Creating a Healthier America: How Can Business Lead the Way

This piece was co-authored by Victoria K. Brown, Senior Program Officer, Robert Wood Johnson Foundation.

In recent years, some of America’s largest companies have made a series of bold investments to support their workforce and the communities in which they do business. Earlier this year, Microsoft made national headlines by investing $500 million into affordable housing in Seattle. Google raised pay for temp workers to $15 an hour. Cigna has expanded its paid maternity leave to twelve weeks, while both Humana and Medtronic have offered employees assistance for adoption. Just last month Prudential announced it would invest $180 million to support opportunity youth and in March, and JP Morgan committed to a five-year global investment to prepare for the future of work.

Yet the backdrop of these moves is a landscape of increasing inequality that has left too many Americans behind – in jobs that can’t sustain them, in workplaces that fail to protect them, and in environments that provide little opportunity for growth or progress – undercutting the long-term success of businesses and the whole economy.

The private sector has a significant role to play in shifting this dynamic to build a more resilient, inclusive, and healthy nation. Businesses wield significant influence over jobs, housing, transportation, and other key determinants of healthy communities. Through decisions over wages, benefits, and workplace policies and practices, companies can help families living in these communities thrive or decline.

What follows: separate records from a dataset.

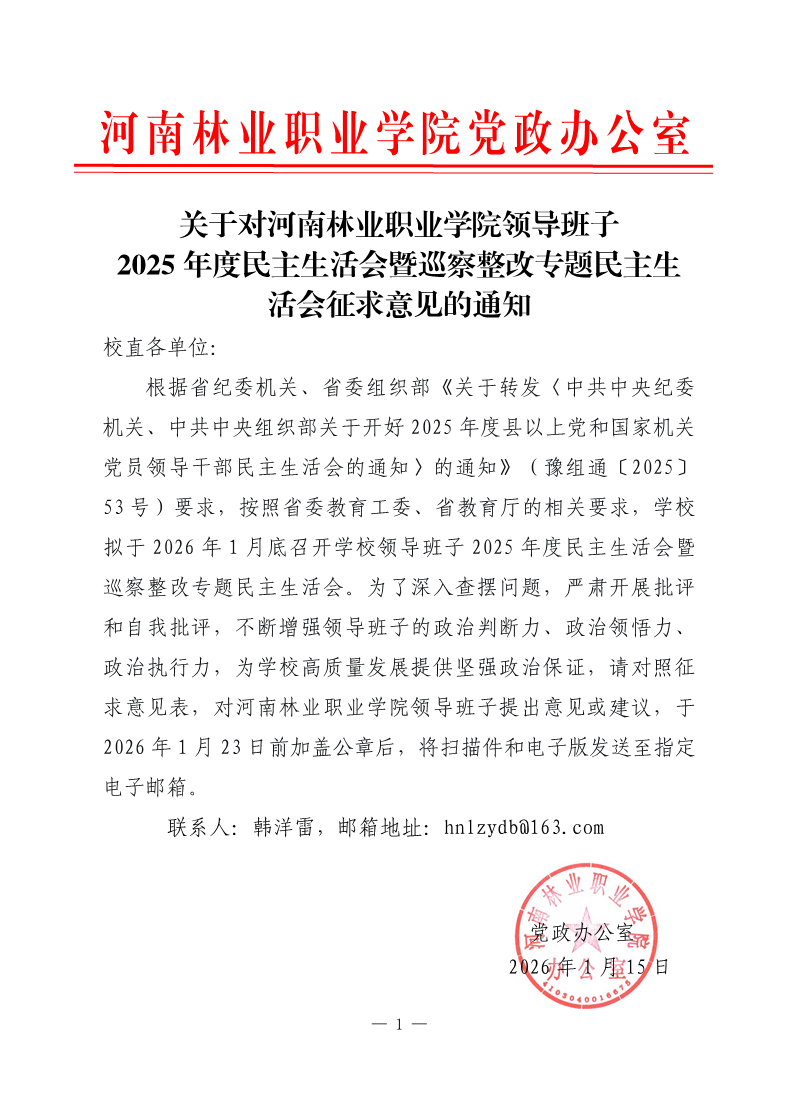 2025年河南林业职业学院领导班子民主生活会征求意见的通知 作者:办公室 来源:办公室 发布时间:2026-01-15 16:53:55 浏览次数: 次 【字体:小 大】 终审:王志鹏 分享到: 【打印正文】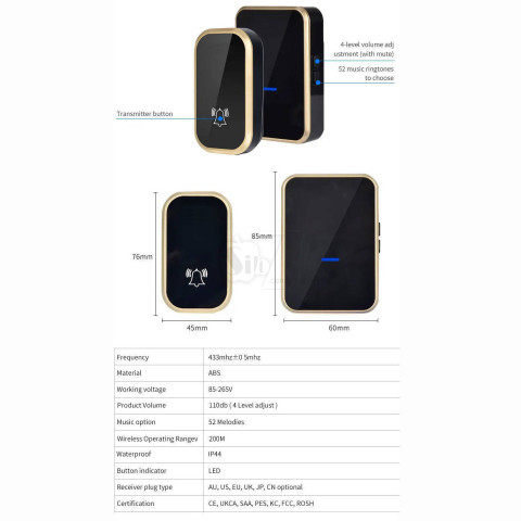 فرکانس کدینگ و رمزگذاری (تضمین عدم تداخل با ساير زنگ های بیسیم اطراف، حتی مدل مشابه)
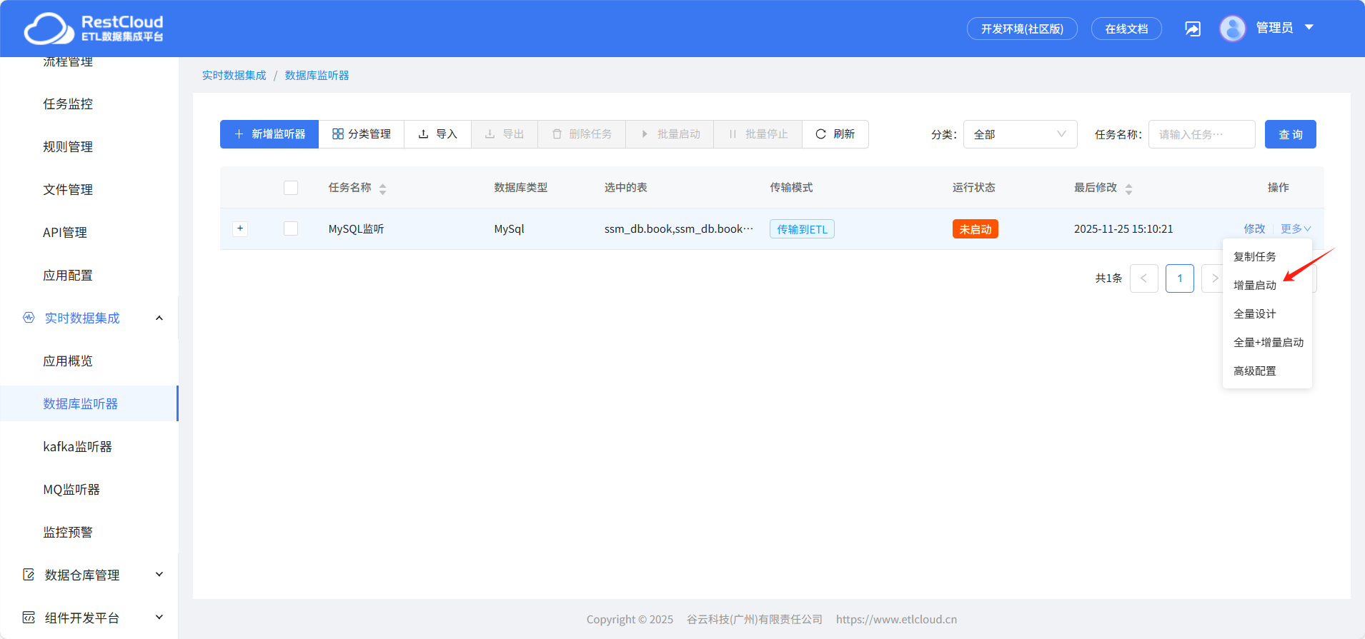 在数字经济加速渗透的今天,数据已成为企业核心竞争力的关键载体。然而,企业在数据处理过程中始终面临着一个核心抉择:是选择实时 ETL满足即时决策需求,还是依赖批处理保障海量数据高效处理?两种模式看似对立,实则各有适配场景 ------ 实时处理擅长低延迟响应,批处理则在高吞吐量、低成本运算中占据优势。如何打破模式壁垒,实现 "鱼与熊掌兼得" 的混合架构部署?下面将演示使用ETLCLoud的实时监听多表同步的案例。

The good news is that a growing number of companies recognize the impact they can have in supporting a healthier country and are stepping up. That’s the conclusion of a groundbreaking new list of the 100 companies doing the most to support healthy communities recently released by JUST Capital with support from the Robert Wood Johnson Foundation.

Investments – like those made by Microsoft and Cigna – into workers, local communities, and the environment is about more than just higher wages, better housing, or cleaner air and water. They systematically lead to healthier outcomes across the board and provide a competitive advantage to the companies that make them.

Companies on the list are scored on 16 different social, economic, and environmental factors defined by the American public, which shape how businesses contribute to healthy outcomes for workers, their families, and the communities in which they operate.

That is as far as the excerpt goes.